FILE - Edward Lowassa, shown addressing the U.N. General Assembly in 2006, is seen as a divisive figure in the ruling Chama Cha Mapinduzi party but remains popular and has done well at fundraising.

FILE - Edward Lowassa, shown addressing the U.N. General Assembly in 2006, is seen as a divisive figure in the ruling Chama Cha Mapinduzi party but remains popular and has done well at fundraising.

A prominent Tanzanian opposition lawmaker has called on the National Electoral Commission to implement new and improved measures to ensure the October general election is free, fair, transparent and credible.
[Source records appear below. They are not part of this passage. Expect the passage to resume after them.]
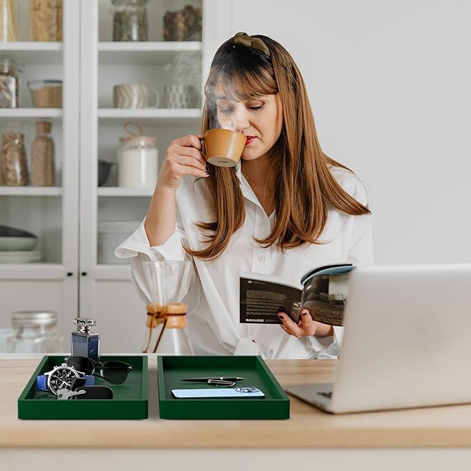 BBK Bathroom Vanity Tray 11.8 in- 2 Pack(Large) Silicone Bathroom Tray for Counter, Perfume Key Trinket Ring Soap Dispenser Countertop Tray for Kitchen Sink Organization (Green)
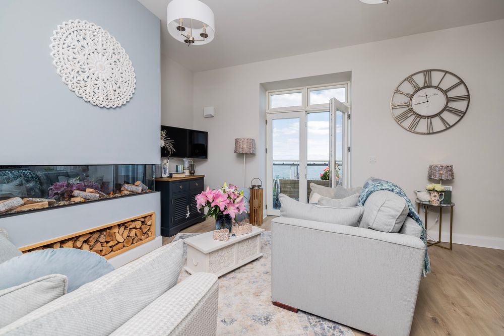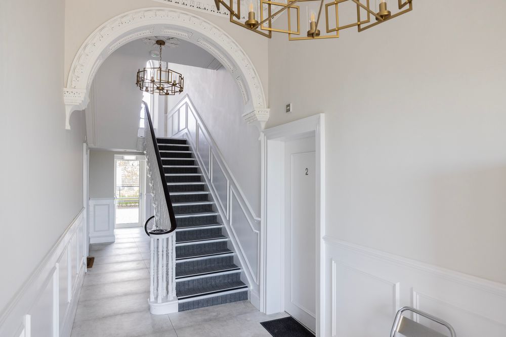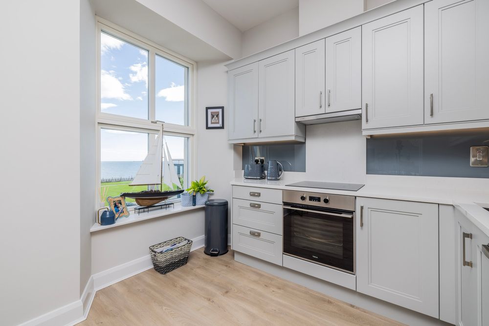 Apartment 4 Ulysses in historic Montebello Terrace is the ultimate rare gem which combines his unique setting with a modern home finished to stunning high standards and fine detail. The historic Ulysses building was afforded a complete as new refurbishment in 2022. This home is now immaculately presented for sale. Upon entering the building, one is immediately met with a wonderful bright and airy feeling. The foyer boasts original period detailing in pristine condition and beautifully refurbished. Apartment number 4 is located at a secure first floor location featuring two private balconies offering the ultimate dual aspect. A welcoming hallway set the tone perfectly and leads to a wonderful open plan kitchen diner living room with direct access to an impressive balcony with break taking sea views. The elegant living space opens into the kitchen area which is well equipped with bespoke hand crafted cabinetry. The apartment features a luxurious bedroom, with a private west faing second balcony plus an opulent bathroom with stunning tiling and high class sanitary ware.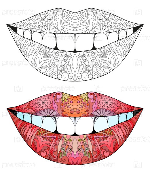 Zentangle стилизованная улыбка для окраски. ручной рисунок векторного кружева
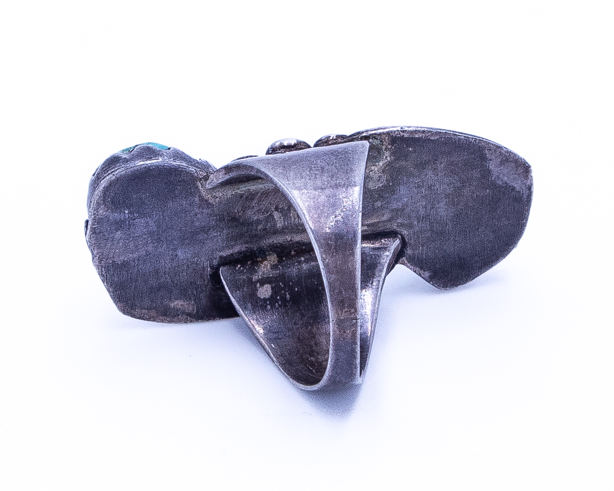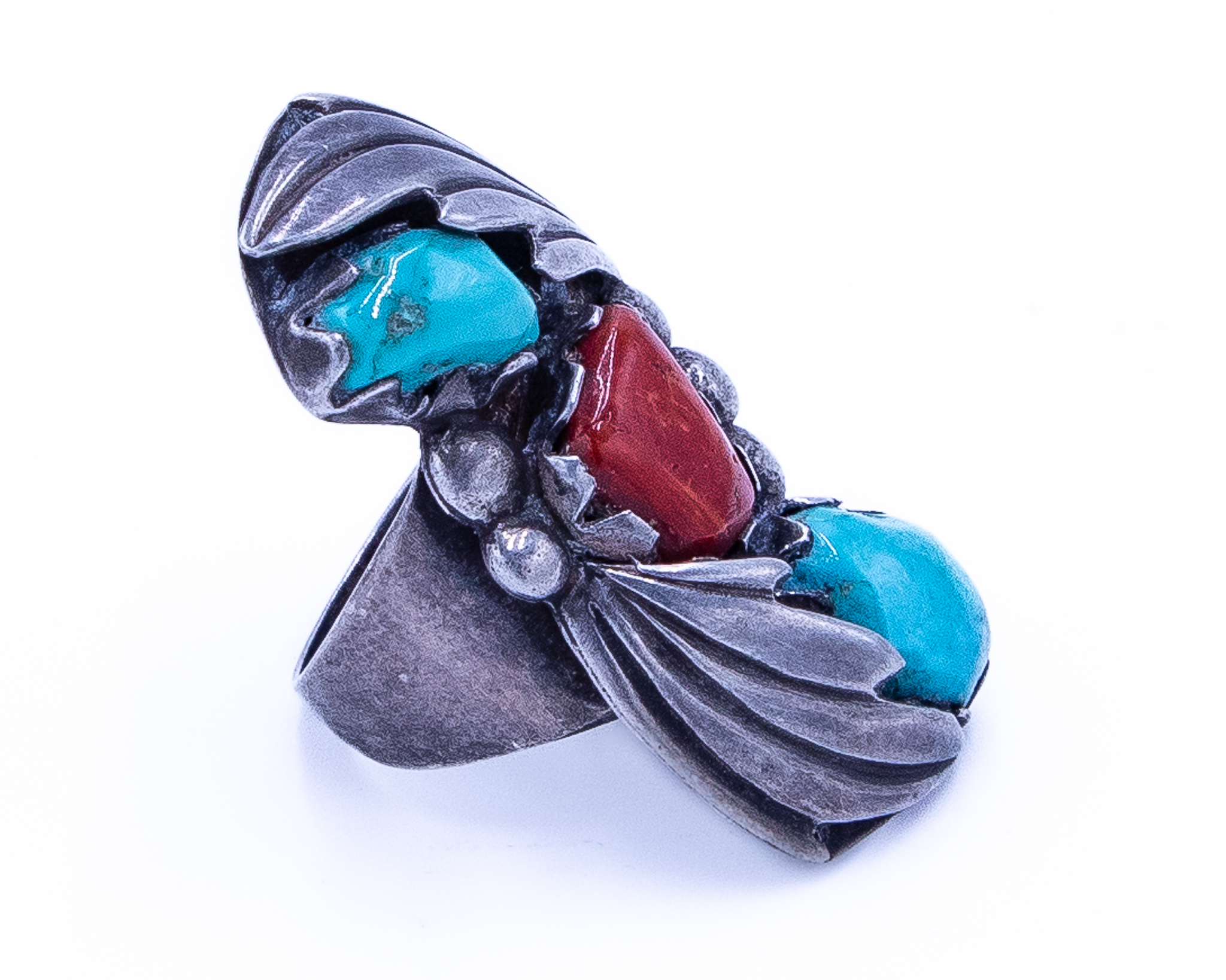 Vintage Navajo Turquoise Coral Sterling Ring Sz 7, 11g

This comes as the commission compiles a voter list that would be used for the elections.

“We want to ensure the electoral commission supervises and manages the forthcoming general election in a manner that will ensure that the elections are as free and fair as they could be,” said Parliamentarian Tundu Lissu.
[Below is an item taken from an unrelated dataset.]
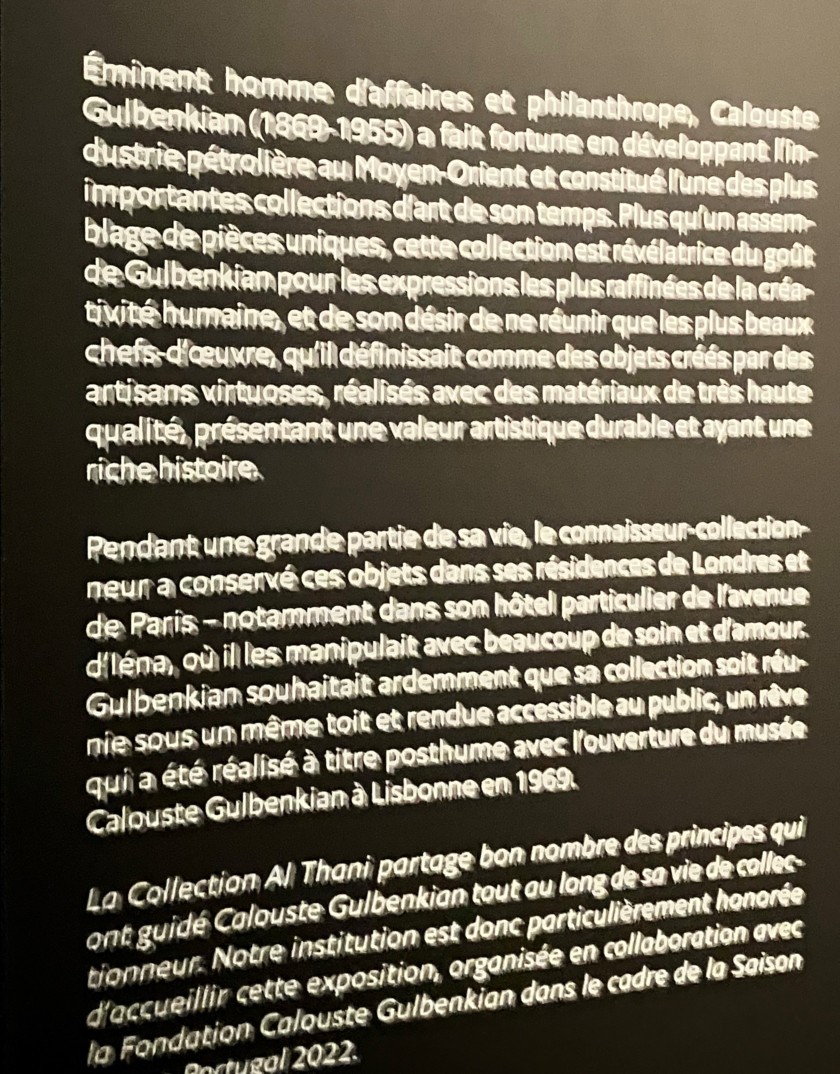 Une superbe et riche exposition – une superbe scénographie – jusqu’a fin Septembre prochain.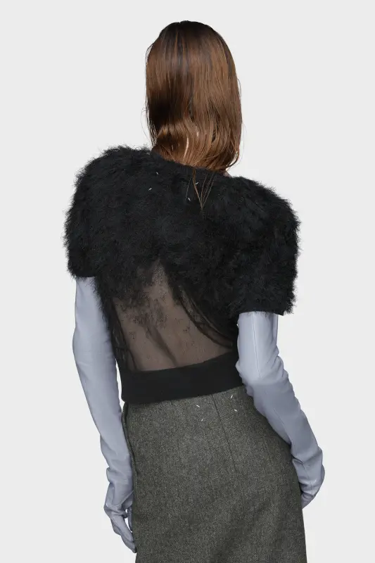 This short-sleeved top is crafted in silk knit with a textured finish that fades through the body – an expression of the Maison’s retrograding technique. The ribbed waistband and round neck create a neat contrast to the airy surface. At the back, the Maison’s signature four stitches appear; the opposite of a label.

He says the electoral body has yet to administer credible elections, which he says could make prospective Tanzanian voters have confidence in the country’s electoral process.

Lissu says opposition groups have not been comfortable with the manner by which the National Electoral Commission has organized elections in the country.
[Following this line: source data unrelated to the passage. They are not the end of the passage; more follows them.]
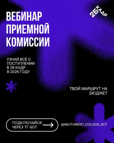 🔥 Уже завтра состоится вебинар, посвященный приемной кампании 2026! 11 МАРТА 2026 в 17:00 ждем вас на вебинаре приемной комиссии колледжа «26 КАДР», на котором вы сможете узнать всё о поступлении!
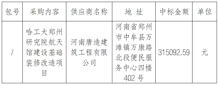 在中国招标投标公共服务平台、哈工大郑州研究院官网上发布,期限为1个工作日。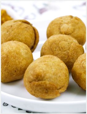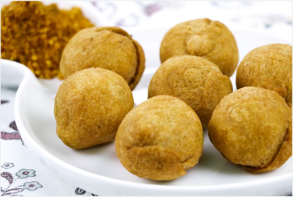 A DEEP FRIED CRISPY AND CRUNCHY BALLS OF ALL PURPOSE FLOUR STUFFED WITH SPICY MIX OF GRAM FLOUR AND OTHER SPICES
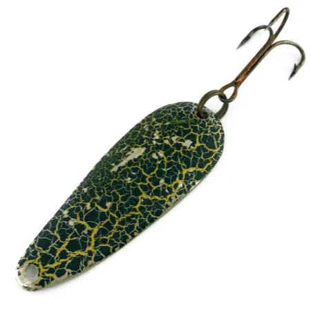 Tämän 5,5 cm (2 1/4") pituisen lusikkauistimen kiillotettuun nikkelipohjaan on stanssattu legendaarinen nimi "GADABOUT GADDIS" kunnianosoituksena vuosisadan puolivälin kuuluisalle "Flying Fishermanille". Painoltaan 9 g (1/3 oz) uistin on varustettu kuperalla puolella klassisella Frog-viimeistelyllä, jossa on syvänvihreä pohjaväri ja keltakultainen särökuviointi. Tämä yksilö, tuotekoodiltaan 9482, edustaa yhdysvaltalaisen kalastusvälinevalmistuksen merkittävää aikakautta. Varusteet ovat alkuperäiset: kestävä uistinrengas ja terävä pronssiviimeistelty kolmihaarakoukku. Kuntoarvio on 4/5; siinä on vain vähäistä pinnan ikääntymistä, joka heijastaa sen historiaa vaarantamatta maalin tai metallin kestävyyttä. Roscoe "Gadabout" Gaddis teki nämä lusikat tunnetuiksi televisiourallaan, ja ne on suunniteltu monipuolisiksi työkaluiksi heittoon tai uisteluun. Nikkelipinnoite antaa kirkkaan välkkeen tekstuurimaalin alta, mikä on tarkoitettu luomaan visuaalista kontrastia vedessä.

“We are not confident considering the history of the electoral commission. But, what we are confident about is that this time around we are better prepared and ready to face the ruling party in a manner that we have not been since the onset of multiparty democracy 20 years ago,” he said.

“So even though the electoral commission is not what we would like to see it being, this time around we are prepared to fight it out regardless of the problem relating to the independence of the electoral commission.”

Lissu who is from the opposition Chadema party also says the defection of former Prime Minister Edward Lowassa from the ruling Chama Cha Mapinduzi [CCM] or Party of the Revolution, to the group is a significant shift in the dynamics of the country’s politics.

He expressed confidence that the defection weakens the ruling party, which he says could enable a united opposition front to break the dominance of the CCM. The ruling CCM has been in power since the country gained independence in 1961.

Lissu says the former prime minister also defected with many supporters to join the ranks of the opposition Chadema party.

“He literally guts CCM of its considerable support. He is the most powerful figure in the CCM until a few days ago when he crossed over…We are stronger than we have ever been. There are still some considerable areas of the country where we are not as competitive as we would like to be. Former premier Lowassa will supplement our effort in those areas where we are not as powerful as we should be,” said Lissu.

But, some supporters of Chadema expressed their displeasure with the defection saying that Mr. Lowassa is tainted with corruption. Mr. Lowassa resigned as the country’s prime minister after being accused of corruption.

Lissu says he shares the concerns of the opposition supporters but added that Mr. Lowassa brings significant fire power to the arsenal in the party’s quest to wrestle power from the CCM. He also says Mr. Lowassa has yet to be convicted of any crimes. He adds that the former prime minister is innocent until proven guilty, a measure, he says is enshrined in the constitution.

“If we want to win this year’s general election, we have to make an honest assessment of our own power and our resources and our support across the country. The honest assessment that we made tells us that on our own and with CCM united, we can’t beat them,” said Lissu.

“With Lowassa out of CCM, our pollsters tell us that we can take CCM on and win. So, while it is very good to keep our innocence as it were to keep our clean record, if we want to do away with the CCM that bred and protects those [corrupt] elements in our society, this is the time.”